Born: June 24, 1915, in Gilstead, Yorkshire, UK
Died: August 20, 2001, in Bournemouth, UK
Sir Fred Hoyle, FRS, was a British astronomer and science-fiction author. A graduate of Cambridge University, he worked for most of his life at the
Institute of Astronomy, in Cambridge, and was its director for a number of years.
On March 28, 1949, while speaking on BBC Radio on how the universe came into being, he used the phrase ‘big bang’ to describe the expanding universe
theory, first proposed by Monseigneur Georges Henri Lemaître in 1927, and then by Edwin Hubble in 1929.
Hoyle rejected this theory, believing that the universe was eternal and in a 'steady state'. Although the universe was expanding, he argued that matter
was at the same time being created to fill the gaps between galaxies, in a manner similar to a river – even though the water is perceived to be flowing
away (from the observer), it is constantly being replenished, and the overall river remains the same.

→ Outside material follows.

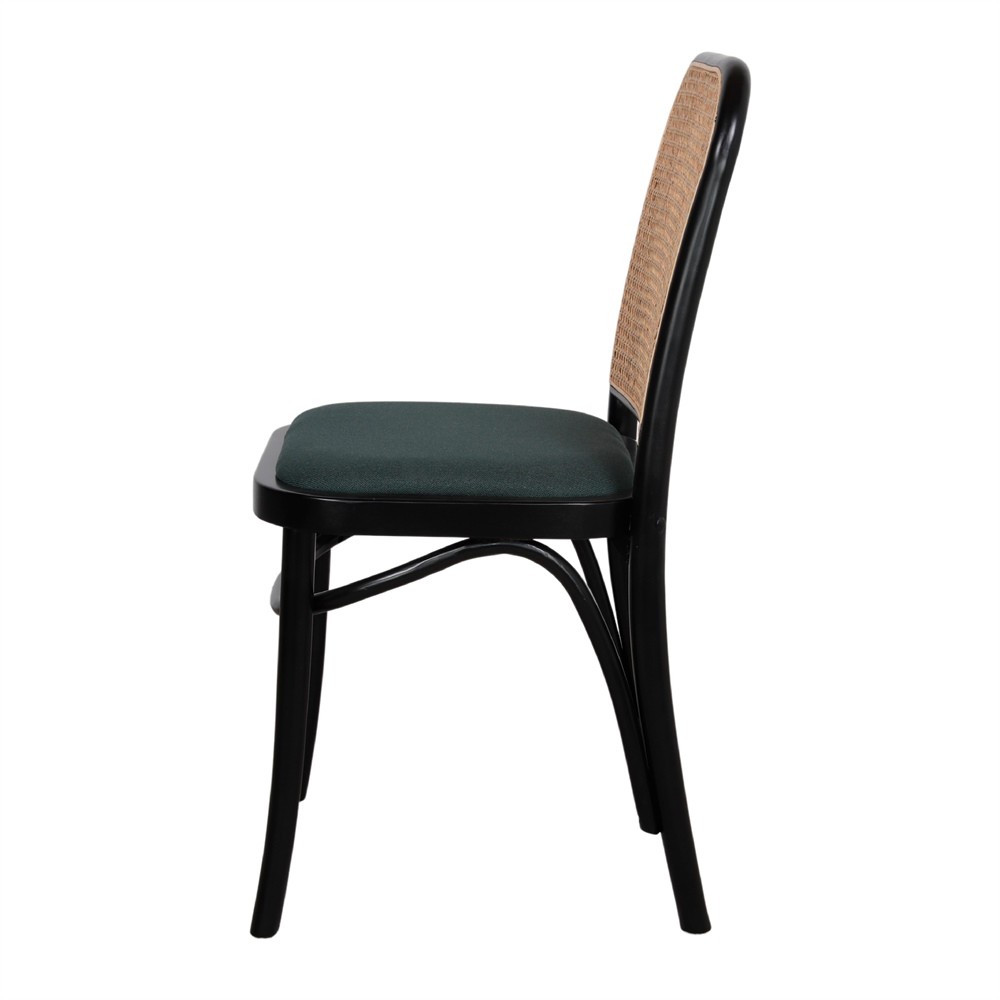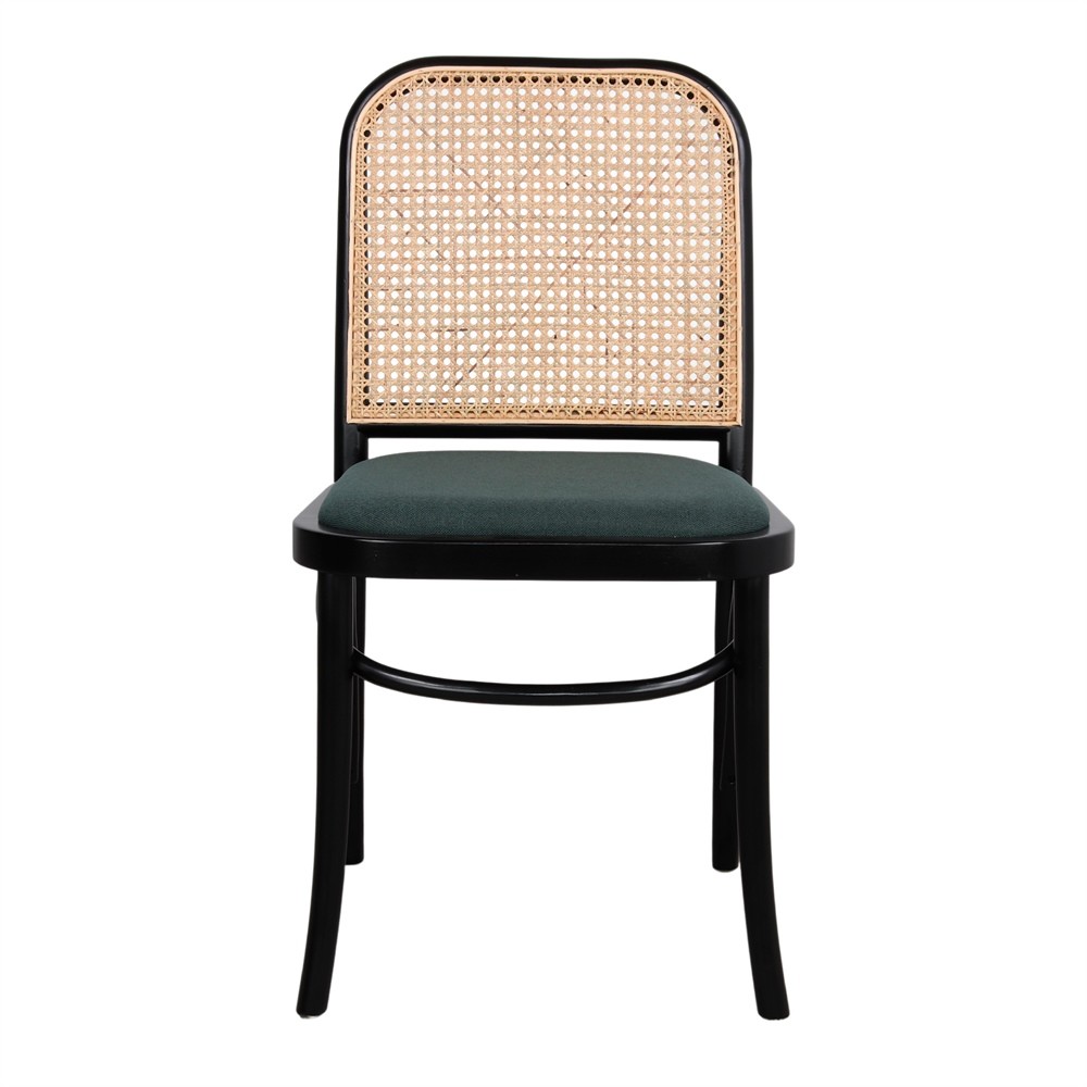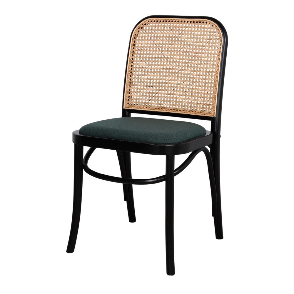 Está diseñada y fabricada con estructura de madera de haya natural lacado en color negro, su asiento consta de un tapizado en tejido de color verde y el respaldo está realizado en rejilla de enea.

However, Hoyle’s Steady State theory did not find much support. Indeed, the theory became discredited in the 1960s when the discovery of cosmic microwave
background radiation provided proof of the Big Bang.
Hoyle’s greatest contribution to astronomy came in the 1950s when, together with William Alfred Fowler, Margaret Burbidge and Geoffrey Burbidge, he
developed the theory of Stellar Nucleosynthesis. As William Fowler later explained:
“The concept of nucleosynthesis in stars was first established by Hoyle in 1946. This provided a way to explain the existence of elements heavier than
helium in the universe, basically by showing that critical elements such as carbon could be generated in stars, and then incorporated in other stars and
planets when the original stars ‘die’. The new stars formed now start off with these heavier elements, and even heavier elements are formed from them.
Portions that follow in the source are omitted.